Instructor: Prof. Markus Klute

MARKUS KLUTE: Welcome back to 8.20, Special Relativity. In this section, we're going to talk about the relativistic Doppler effect. And we make good use of our space-time diagrams, which we discussed earlier.

So the situation is as follows-- to simplify this, we have a source which is emitting pulses. So the waves are pulses. Every now and then there is a beep, and another beep, and another beep. And those pulses travel with their velocity-- with their wave velocity.

And they have a world line represented here in the space-time diagram. This is pulse number one, and this is pulse number two. The distance between those two pulses is our period, the period of our wave, which we call tau. The question now is, how is this being observed by an observer which is moving with a relative velocity v with respect to the source?

So let's analyze this. So if we want to characterize or find our position x1 and x2, we can do this by saying x1 is equal to ct1 or equal to x0, which is the distance of the observer to the source plus c times t1. v is the velocity in which the source is moving.

And similarly for t x2, we find c times t2 minus tau. And that's also equal to x0 plus v times t2. So the distance in time-- we're still in the reference frame as of the source-- is given by c times tau over c minus v. And the distance in space is given by v times c times tau over c minus v.

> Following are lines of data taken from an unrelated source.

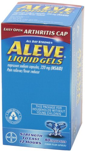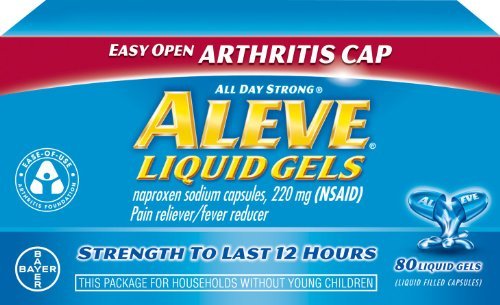 Studio : Aleve Publisher : Aleve Binding : Health and Beauty Product Description Aleve Liquid Gels are a great way to manage your pain instead of letting your pain manage you. Just take 1 and enjoy relief from aches and pains that last up to 12 hours. It gives the all-day relief you need in a liquid gel form. 0
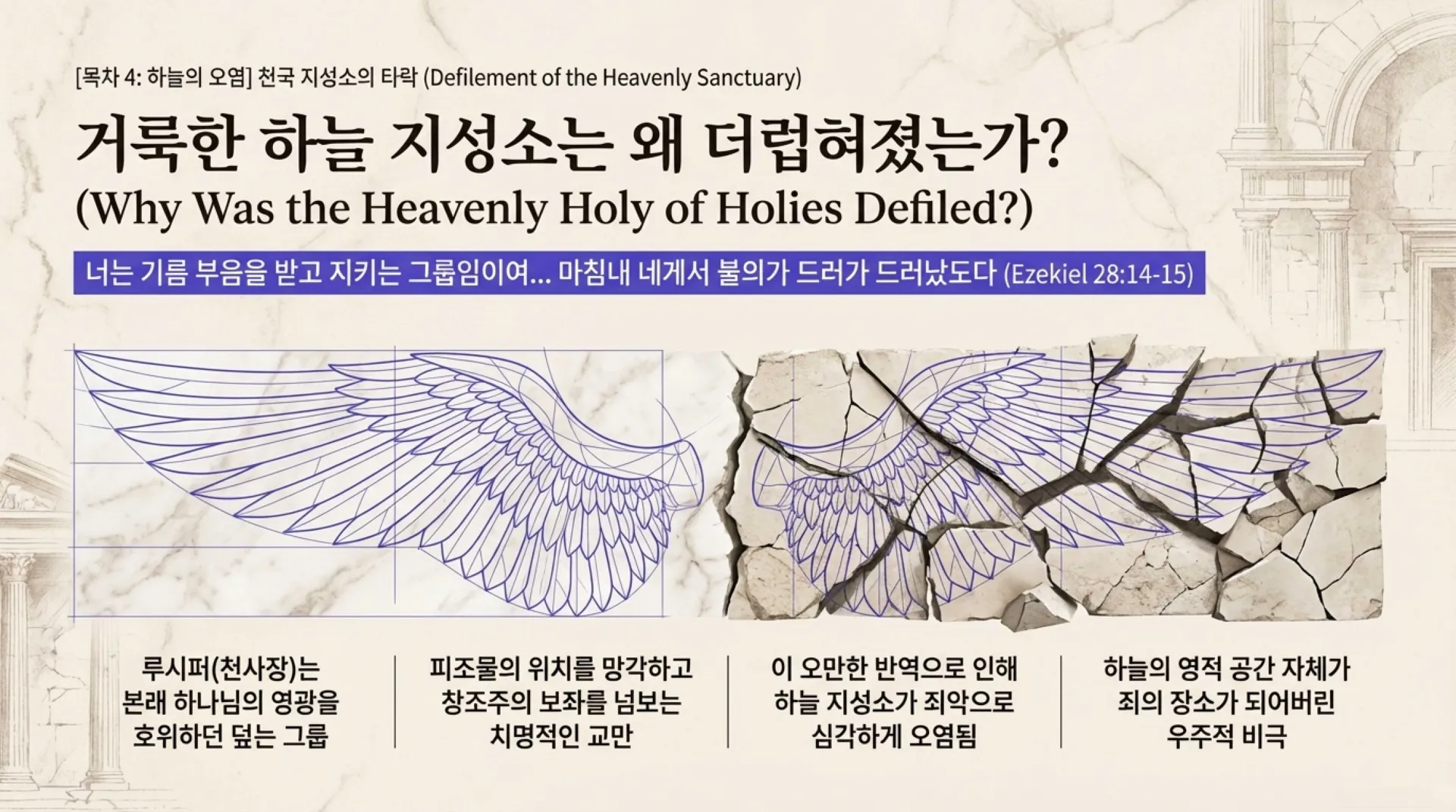 그렇다면 여기서 한 가지 근본적인 의문이 생긴다. 이 땅의 지성소가 인간의 죄로 더러워지는 것은 이해할 수 있으나, 어찌하여 거룩하고 흠 없는 하늘의 지성소가 더럽혀질 수 있다는 말인가? 하나님의 보좌가 있는 지성소가 어떻게 더럽혀질 수 있다는 말인가? 그 충격적인 해답은 에스겔서에 기록된 사탄 마귀, 즉 루시퍼의 타락 과정이 고스란히 기록되어 있다.
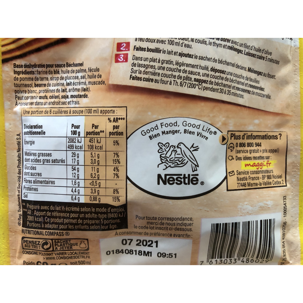 Découvrez la sauce Béchamel Saveur à l'Ancienne de MAGGI, l'atout indispensable pour sublimer vos gratins ! Relevée d'une note de muscade, elle apportera un goût inimitable à vos lasagnes et vos gratins de pâtes, de pommes de terre ou de légumes ! Préparée avec du lait, la sauce Béchamel MAGGI c’est la garantie d’une sauce inratable en un minimum de temps.
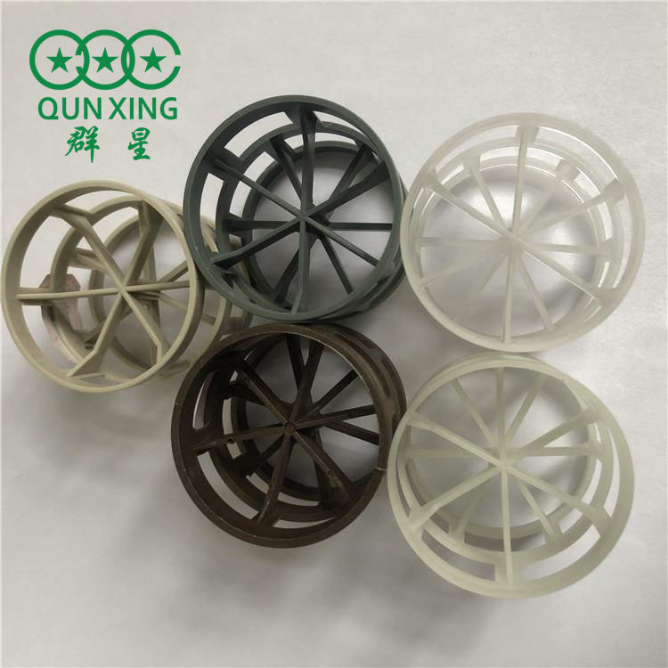 聚丙稀又分普通性(使用高温度+80℃和增强性(使用高温度+120>℃)二种。水冷塔可选用普通型聚丙稀鲍尔环填料;空冷塔在启动时,空压机如不设置未端冷却器,启动时的空气温度约为90℃,因此选择增强型鲍尔环填料或者大部分选择普通型聚丙稀鲍尔环填料,在填料底层约2m高应选择不锈钢鲍尔环填料,以防聚丙稀鲍尔环填料热变形抗压强度的降低。
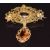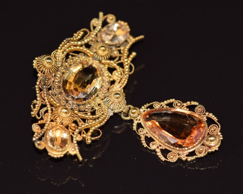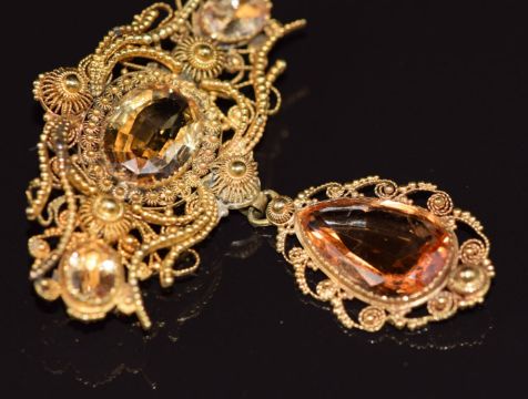 A 19thC filigree brooch set with three oval cut imperial topaz and a drop section set with a further pear cut imperial topaz with filigree surround, 12.1g 5.2x4.7cm
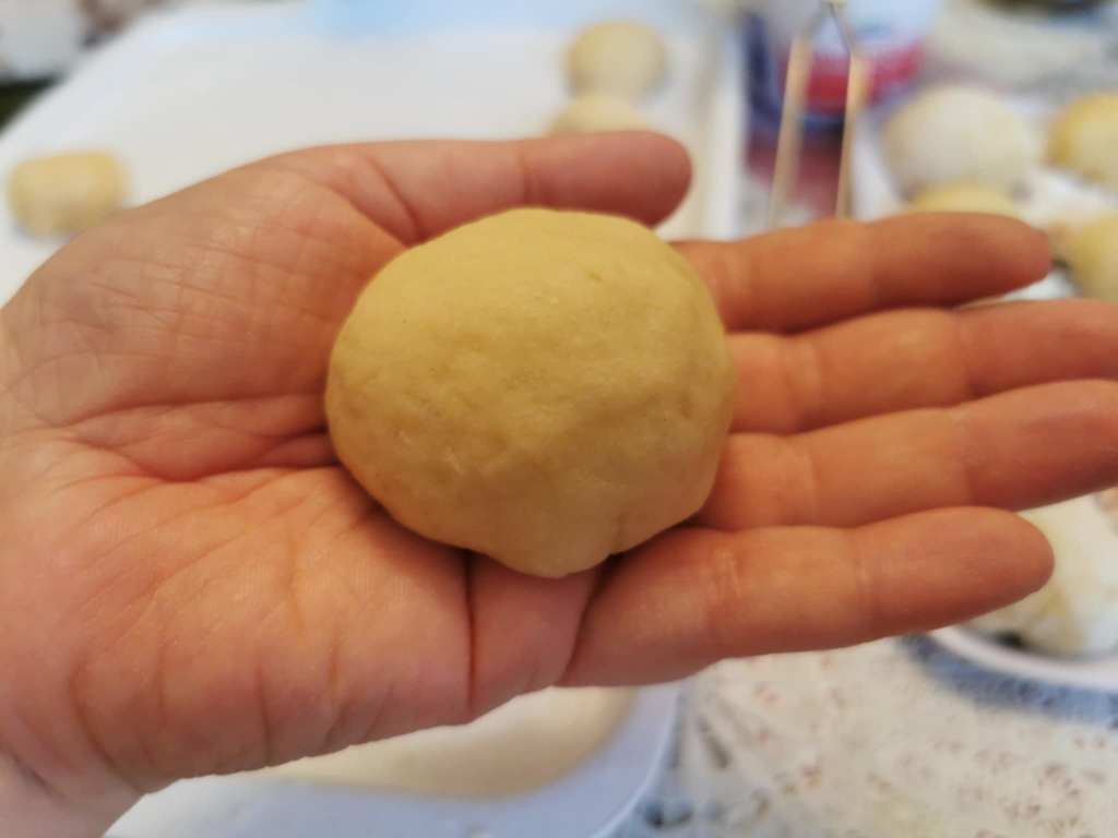 5. Formuj pączki: Wyłóż ciasto na stół posypany mąką i lekko rozwałkuj na grubość około 1 cm. Wycinaj szklanką placuszki, a następnie układaj każdy z nich na dłoni i nakładaj na środek porcję konfitury. Sklej starannie krawędzie ciasta, tworząc kształt sakiewki i delikatnie uformuj w dłoniach zgrabną kuleczkę. Zwróć uwagę, aby nadzienie szczelnie zamknąć w środku. Gotowe pączki układaj na blacie oprószonym mąką, kierując miejsce sklejenia do dołu.

So the question is not how this observed-- how this is seen by the source but how this is being seen by the observer. So we have to apply Lorentz transformation. So in the s prime frame, which is the observer frame, we find delta t prime is equal to gamma delta t minus v over c squared delta x. And then we just fill in the information as we discussed before.

Tau prime is then gamma times c tau over c minus v times 1 minus v square over c square. And then you make use of delta equal v of over c. And we make use of gamma equals 1 over square root of 1 minus beta square.

And we find then-- this is a little bit of an algebra exercise here-- that the period now is given by 1 plus beta over 1 minus beta square root of that times tau. And the frequency is the inverse. We'll have 1 minus beta over 1 plus beta square root of that [? times ?] the frequency. So we just calculated relativistically how the period and the frequency of a wave is Lorentz transformed.